I’m trying to simulate the PlanetPress Suite v7 data selection Line Condition in PlanetPress Connect.
For example the data wanders within the general geographically region, but always contains a static label tag such as Date: preceding the value. I have several different values to extract each with it’s own static label tag. Name:, Address:, DOB:, etc…
You will have to use Regular Expressions for this.
For instance, if you set up a loop that goes through each line on the page, you can add a condition inside that loop that checks if the following expression is true:
/(Date: )(.*)/i.exec(data.extract(1,80,0,1,“”)) != null;
You can use multiple conditions to look for all the keywords.
I must be missing something setting up where to add the Regular Expression. Nothing I do appears to hits the TRUE side. I’m sure that I’m just missing something. Also when extracting the data from a PDF is the height of 1 correct or should it be something more like 9.313332 to match the line spacing the loop detects?
I can get Multiple Condition case set to a value “Name:” and then set the extraction to a location. I can also set following “Address:” (not sure how to handle the additional address lines though).
I worry about the performance of my version though because each case has a separate extraction and worse case there could be towards 50 separate extractions. Hoping that it will only be a half dozen though.
OK, that’s really not an easy one. You’re looking for moving targets and those are always challenging.
Here’s how I did it in a pet project of mine. Not sure it will work with your project, but it may put you on the right track.
So first, I have a loop that goes through all elements in the PDF page. That means every single line with content will be examined by the process.
Inside the loop, I have a Multiple Condition task whose left operand is set to this JavaScript code:
data.extract(52,209,0,5,"");
The (52,209) values indicate the left-right boundaries of the region I want to examine on each and every line. 0 is the current vertical offset while 5 is the height of each line of text.
My first Case statement sets the Right operand to Invoice #
. So if that piece of text is found in the data extracted in my Multiple Condition’s left operand, then this branch is executed.

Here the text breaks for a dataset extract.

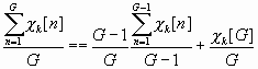 в первом из которых фигурирует оценка частоты появления k-го класса, вычисленная по G-1 наблюдениям, то после очевидных преобразований получим

I have a single extraction step inside my Case branch. It extracts the text from the same region that the condition examined, but then uses a Regular Expression to only store in my field whatever is found to the right of my keywords (i.e. Invoice #
). Here’s the code I use:
var line = data.extract(52.154663,208.95732,0,5,"")
var elements = line.match(/.*(Invoice #)(.*)/);
elements[2];
This portion of my sample file looks like this:
The code above extracts all text on the line that’s highlighted, which yields the result
Invoice # INV6103083
and then he regular expression takes care of discarding anything that comes before Invoice #
and only keeps the value to the right: INV6103083
.
I then created new cases in my Multiple Conditions step using the same technique, looking for keywords such as Due Date
: or Total Amount Due
.
Finally, the last step inside the loop is a Goto Step set to Next line with content
.
Here’s what the simplified data mapping config looks like:
As far as performance is concerned, the process is examining each and every line, which is where most of the time is spent. There isn’t much you can do about that. However, the overall procedure could definitely be improved by not extracting each line twice (once for evaluating the condition and once when actually extracting the data), but it would have been a bit more complex to explain here.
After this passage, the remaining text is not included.